Mary Barra
Mary Barra
NEW YORK (CNNMoney) – G.M. Chairman and CEO Mary Barra is betting her reputation is on electric cars.
GM raised its dividend on Thursday for the second time in eight months. It also provided a capital return of as much as $7.5 billion to investors.
GM executives say their autonomous-vehicle initiative is a key component of that plan, which will culminate with the release of an electric vehicle in late 2021. They made the announcement in New York City, where Barra on Thursday was a featured speaker at the Fortune Most Powerful Women conference.
Earlier this year, GM said it would spend nearly $5 billion on the electric vehicle program, which it is betting will compete with Tesla and other companies that have built a market for battery electric vehicles.
GM spent another $7 billion in the third quarter to help finance the electric car program, raising the total sum the company has invested in new technology to nearly $14 billion.
The company aims to recoup some of those investments, of course, through higher profits and stock price. So far, it is finding some skepticism.
“Investors have got to realize that electric is not going to be profitable for the next decade,” said David Cole, the chairman of the Center for Automotive Research. “GM will still be making a loss with this.”
But Barra says GM will keep plowing billions of dollars into building these kinds of vehicles as they become more and more mainstream. The key to making this a lucrative undertaking, she said, is making money from the batteries used in the vehicles.
The major cost in building a vehicle is the gasoline engine and transmission. But the other significant cost is the lithium-ion battery pack. That’s because energy storage for most vehicles in the future will come from batteries.
That makes it harder to predict the business model for electric vehicles.
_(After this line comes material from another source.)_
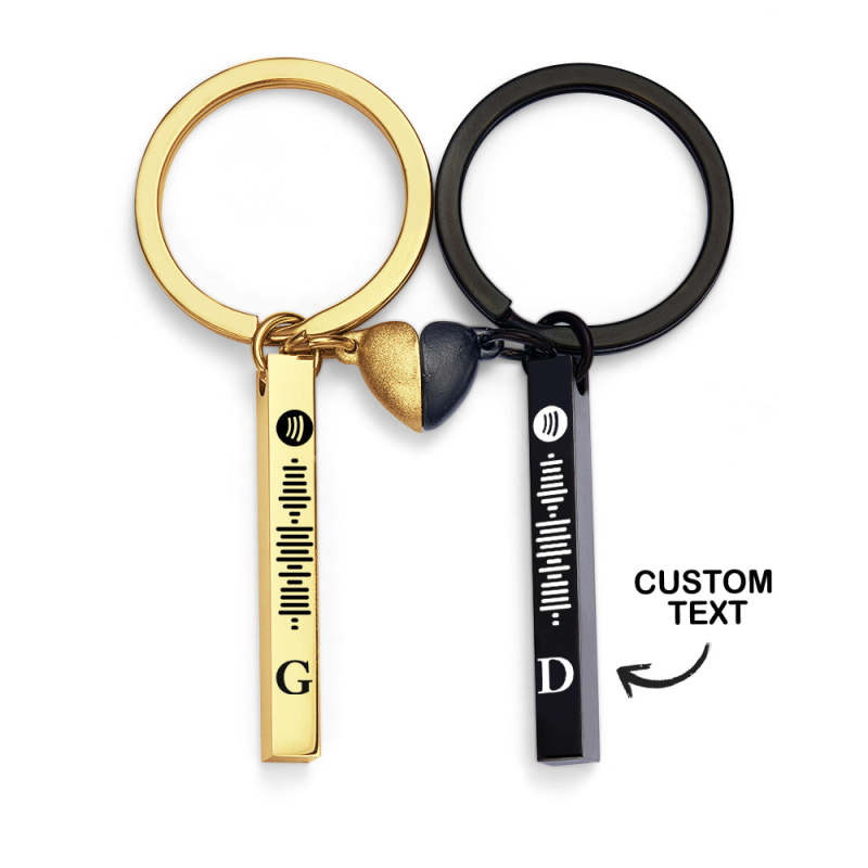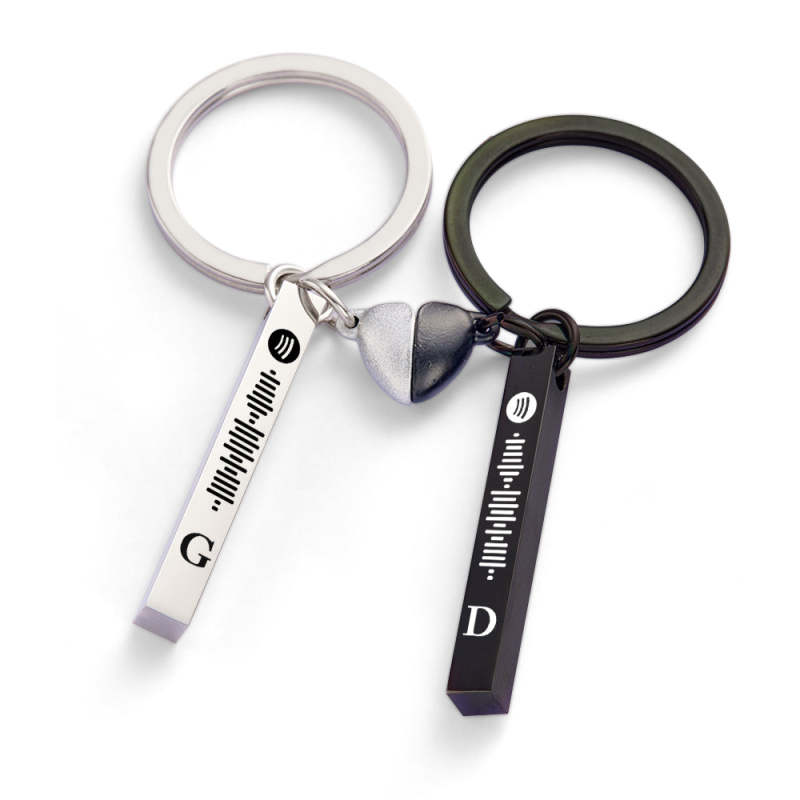 Set Magnet Heart Cute Custom Initial Keychain Spotify Music Keychain for Couple

The Tesla Model 3 has raised expectations for what electric vehicles can be. Tesla made 7,750 of them in the third quarter, which beat the company’s goal of making 5,000 a week.
Analysts were skeptical that the Model 3 could stay on that pace. But so far it has. After getting off to a slow start, Tesla announced it delivered 30,000 Model 3s in the last two months of the year.
A lot of the skepticism around electric vehicles is the same for other types of vehicles. There was skepticism that fuel-efficient cars could ever sell at volumes large enough to compete with full-size trucks. And nobody believed that diesels, which produce significantly more smog than their gasoline counterparts, could ever compete with gas-powered models.
GM and Tesla are trying to take a long-term view, believing that the technologies will gain acceptance over time. Barra even admitted that there is uncertainty around the payback period for investing in electric vehicles.
“We think electric cars are going to play an important role in the future of the automobile,” she said. “The challenges are truly out there.”
In order to meet government standards, electric vehicles will likely need to carry an upfront charge, but that cost is going to fall in the next decade, she said. Barra also said that the biggest hurdle for cars with electric batteries is the charging infrastructure, which is going to get easier to overcome with new forms of power distribution.